Having personally blackened more than a thousand redfish while cooking at the Fairmont Hotel in New Orleans, I've experienced occasional pangs of guilt over their near-extinction. Redfish have been recovering recently thanks to the never-ending quest of food faddists to move on and threaten the existence of other species (like, more recently, the poor Chilean sea bass), but it should be respectfully noted that Creolina's doesn't serve either of these seafoods because of their endangered designation. There are still plenty of catfish to fry, however, and the kitchen crew does a bang-up job of doing so, first flouring the fish, then bronzing in a pan of hot oil, and finishing with a thin, brown, butter sauce that soaks its fatty flavor into the white flesh; a few pecans are thrown on top to warrant the menu title of "catfish pecan." The plate also comes heaped with collard greens, crunchy haricot verts, an aromatic, cardamom-infused acorn squash purée -- and buttery rice.
Sugar cane is Louisiana's second-largest cash crop, which may be why desserts in that state are so saccharine -- is there a sweeter treat than pecan pie? Well, you won't find pecan pie at Creolina's, nor pralines nor freshly fried beignets, but there is a ridiculously rich, sweet, and delectable bread pudding, served warm and studded with walnuts and melted chocolate. As if that's not enough, the pudding is padded with a heap of whipped cream and a second mound of a well-spiked bourbon sauce that's really more like a foam. If after finishing one of Creolina's hearty meals, you've no trouble polishing off this pudding, you may have an eating disorder.
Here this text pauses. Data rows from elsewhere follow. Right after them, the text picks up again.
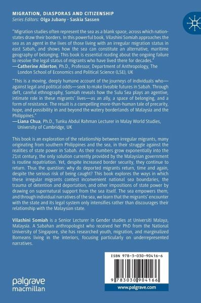 "Irregular Migrants and the Sea at the Borders of Sabah, Malaysia: Pelagic Alliance is a compelling volume from start to finish. ... By bringing to the fore the powerful and evocative images of her informants, Somiah offers valuable insights into the cry of migrants to belong amid the heavy culture of surveillance ... . Her focus on weaving the unique experiences of her informants into the narrative deserves much credit. ... this book is a delight for the anthropologist reader." (Trixie M Tangit, Southeast Asian Studies, Vol. 11 (3), December, 2022)
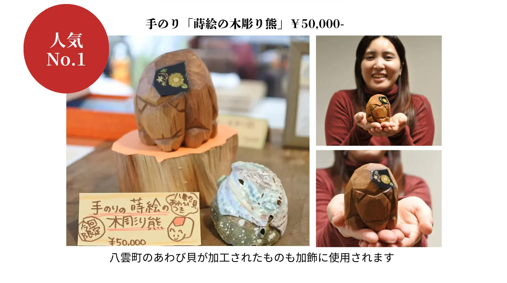 今回のリターンでは様々なものを用意しました。さらにこのリターン自体が大森さんの制作を支えるものになるように設計しました。1番今回オリジナルで用意している一押しのものは、こちらの手乗りバージョンのわじま熊さんです!木彫り熊の面一面だけ蒔絵が施されており、今回オリジナルとなっております。さらにこの上に、八雲町の特産品である鮑貝が加工されたものも加飾され素敵なものとして発送されます。ぜひ家に一熊さん、いかがでしょうか?
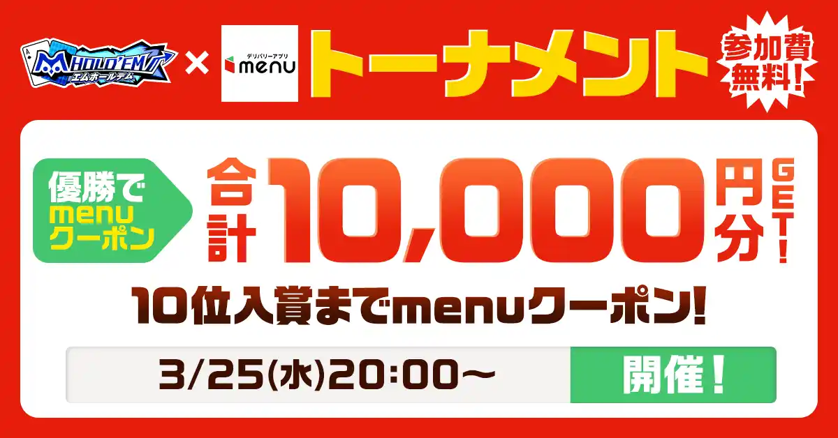 サミー株式会社(本社:東京都品川区 代表取締役 社長執行役員 COO:星野 歩)のスマートフォン向けテキサスホールデムポーカーアプリ「m HOLD’EM(エムホールデム)」は、デリバリーアプリ『menu』の新規登録&初回注文キャンペーンを2026年3月18日(水)から3月31日(火)まで開催いたします。 |
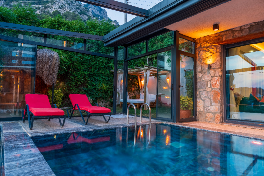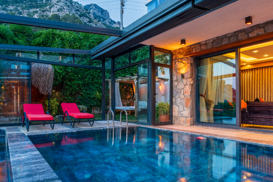 Havuz : Bahçe içerisinde villadan girişi olan ve kış aylarında kapalı, ısıtmalı, korunaklı yüzme havuzu vardır.
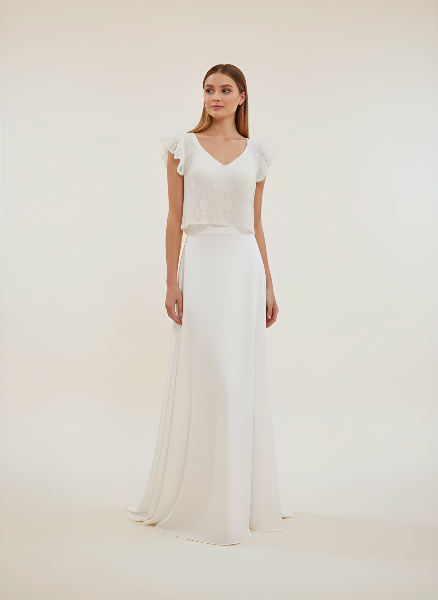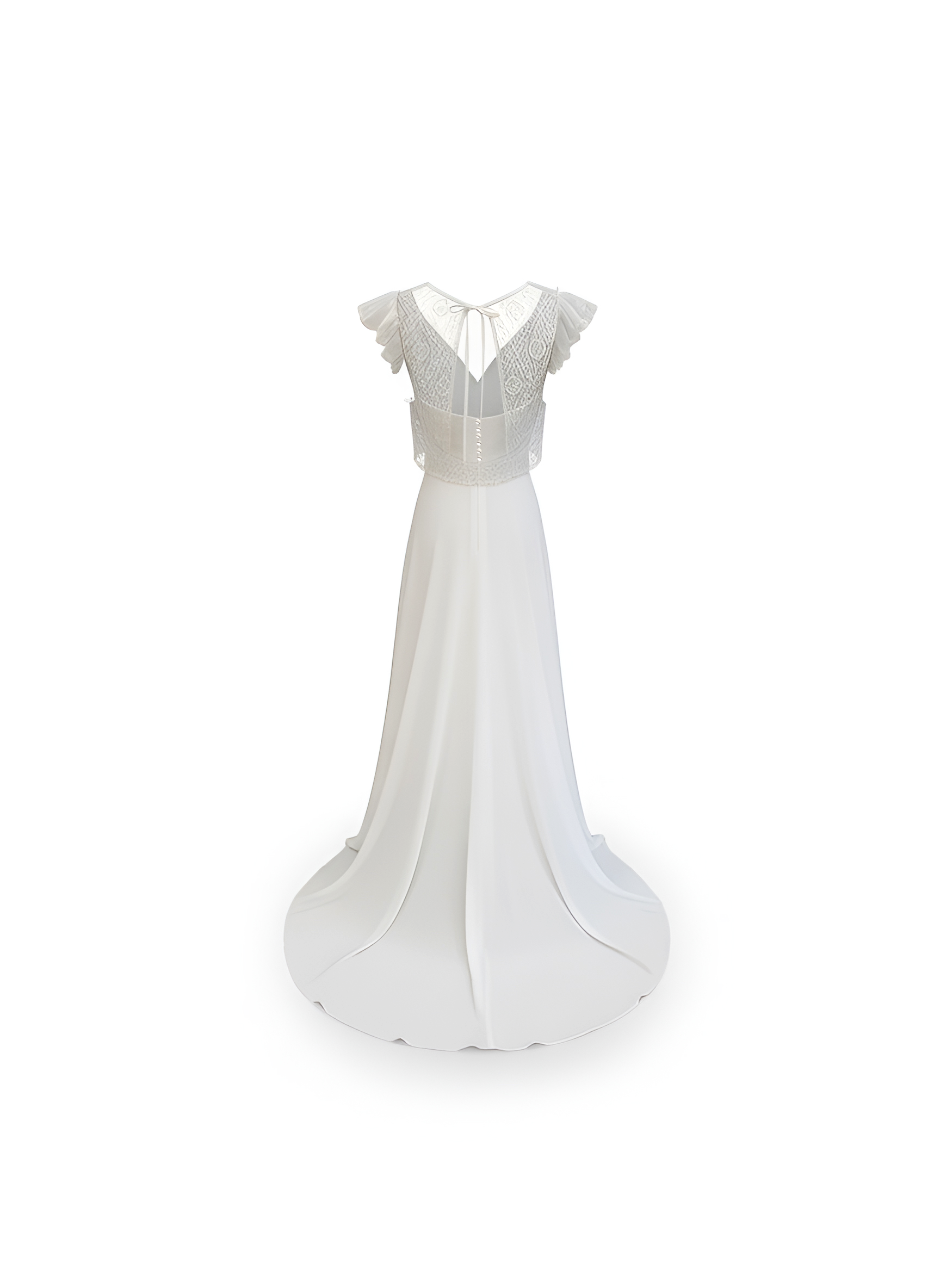 Vestido de novia con sobrecamisa anudada a la espalda.
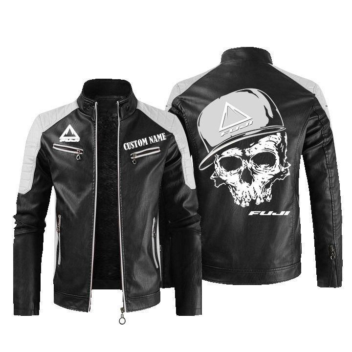 Custom Name Skull Design Fuji Bikes Leather Biker Jacket
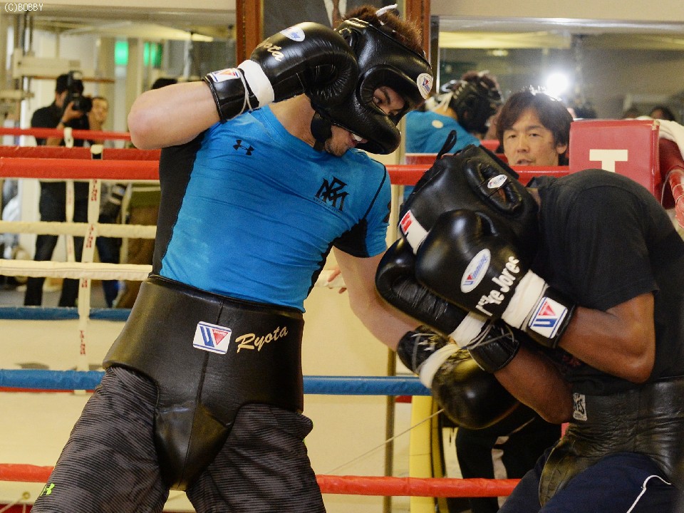 会見後に行ったジョーンズとの3ラウンドのスパーリングでは、ガードを固めながら相手との距離を詰め、ワンツーから左のボディブローを繰り出すなど練習の成果の一端を披露した。葛西裕一トレーナーからは「左がいいよ」「ナイス、ボディ」などと声が飛んでいた。このあと村田はジムで調整を続け、19日に試合地の京都に移動することになっている。
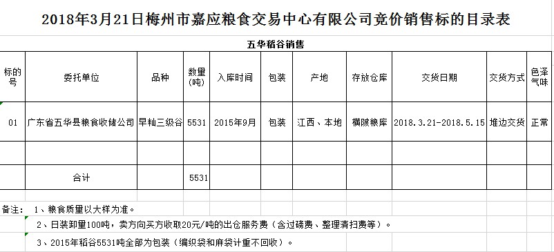 交易時(shí)間和地點(diǎn):2018年3月21日(星期三)上午10時(shí)。廣東省梅州市彬芳大道南161號梅州市糧食交易中心3樓。

If Creolina's were located in the Crescent City, it would be one of countless places to grab a decent plate of rice and beans. In Broward County, it's one of the only, which is something of a good news/bad news proposition. The bad: With so little competition, it needn't be spectacular to succeed -- and it isn't. The good: It's still a pleasant, affordable place for honest, tasty, unpretentious home cooking and might just be the best spot in Fort Lauderdale to get your ya-yas out with authentic food from New Orleans.
(Answer to Readers Quiz: I already told you -- if you aren't sure, say "Louisiana cooking"! Jeez, this Prudhomme guy's gonna eat you alive.)